Зайдя в перерыве в кабинет к Райхельгаузу (а первый спектакль шел очень трудно), я спросил его, почему сейчас — о балете, разве это актуально?

— Ну, да, — рассеяно ответил он. — Как говорила моя бабушка в Одессе: «Умер-шмумер, лишь бы был здоров».

Я долго думал над рецензией, и вывелась первая фраза: «Многие люди в нашей стране очень хотят умереть».

…Ну, а «Медведь» Димы Быкова, который полностью совпал с настроениями митингов и «писательских прогулок» 2012 года?

Словом, за эти 25 лет театр создал не просто «современный репертуар» или «талантливую труппу». Театр «Школа современной пьесы» создал вокруг себя и внутри себя целую жизнь. Жизнь — вопреки всеобщему унынию и умиранию. Жизнь — вопреки воплям о развале всего и вся. Жизнь — вопреки самым мрачным прогнозам и ядовитому пессимизму. Не было бы у нас этого театра 90-х — от Фоменко до Угарова, от Васильева до Райхельгауза — не было бы, пожалуй, и нас самих.

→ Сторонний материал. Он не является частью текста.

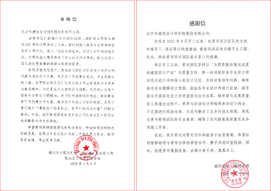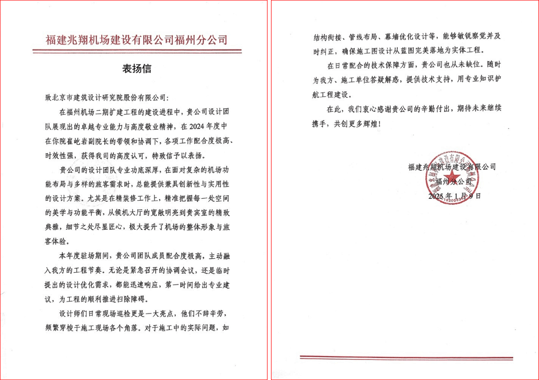 近日,北京市建筑設(shè)計(jì)研究院股份有限公司收到了福建兆翔機(jī)場(chǎng)建設(shè)有限公司福州分公司、福州長(zhǎng)樂(lè)國(guó)際機(jī)場(chǎng)二期擴(kuò)建工程機(jī)場(chǎng)工程航站區(qū)工程項(xiàng)目聯(lián)合體以及中建三局集團(tuán)有限公司福州長(zhǎng)樂(lè)國(guó)際機(jī)場(chǎng)二期項(xiàng)目部發(fā)來(lái)的感謝信,感謝北京建院在福州機(jī)場(chǎng)二期擴(kuò)建工程項(xiàng)目推進(jìn)中的鼎力支持,并對(duì)北京建院設(shè)計(jì)團(tuán)隊(duì)的卓越專業(yè)能力、高度敬業(yè)精神以及在項(xiàng)目推進(jìn)中展現(xiàn)的科學(xué)規(guī)劃、精誠(chéng)合作精神給予了肯定與贊譽(yù)。

Не было бы возможности красиво пережить эту эпоху, несмотря ни на что.

Эти сложные люди из театра Райхельгауза, вообще говоря, придумали целую форму жизни. Жизни, где актером, режиссером, драматургом может стать любой из нас. Главное — войти в этот круг, перешагнуть свой страх и не бояться.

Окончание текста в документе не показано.